Problem to solve: For this exercise, copy exactly the lines below from the one with "Graduation 4-Ribbon Lei" through the one with "You draw the" and leave out the pictures.
── Material for this task ──
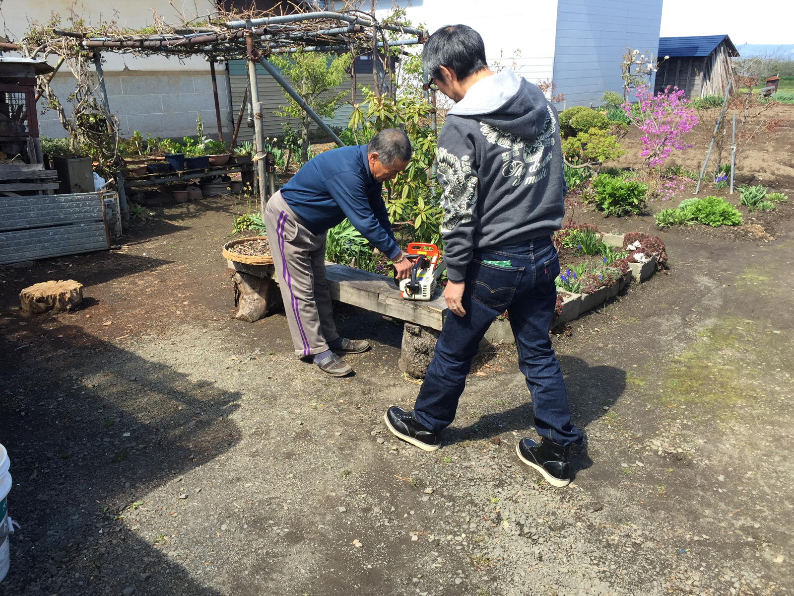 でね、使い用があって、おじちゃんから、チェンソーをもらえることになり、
───
── Material for this task ──
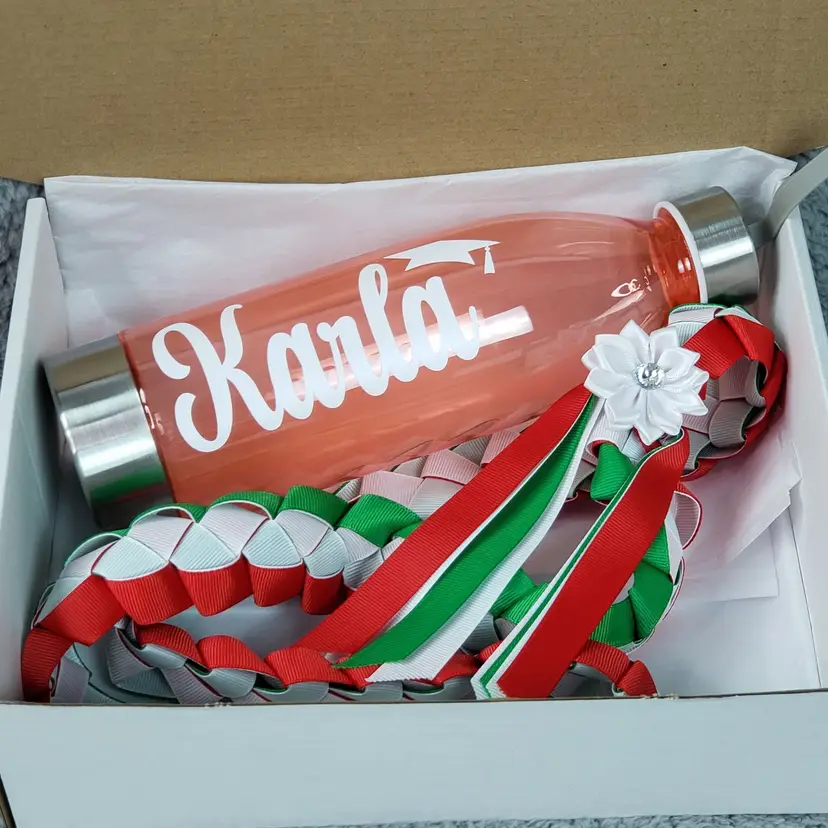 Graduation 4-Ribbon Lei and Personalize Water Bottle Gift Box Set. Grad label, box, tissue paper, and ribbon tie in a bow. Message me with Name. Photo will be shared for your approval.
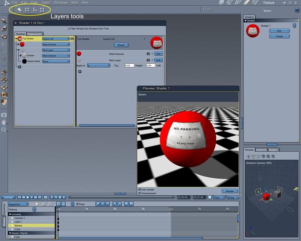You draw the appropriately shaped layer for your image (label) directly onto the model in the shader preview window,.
───
Response to this task:
 Graduation 4-Ribbon Lei and Personalize Water Bottle Gift Box Set. Grad label, box, tissue paper, and ribbon tie in a bow. Message me with Name. Photo will be shared for your approval.
You draw the appropriately shaped layer for your image (label) directly onto the model in the shader preview window,.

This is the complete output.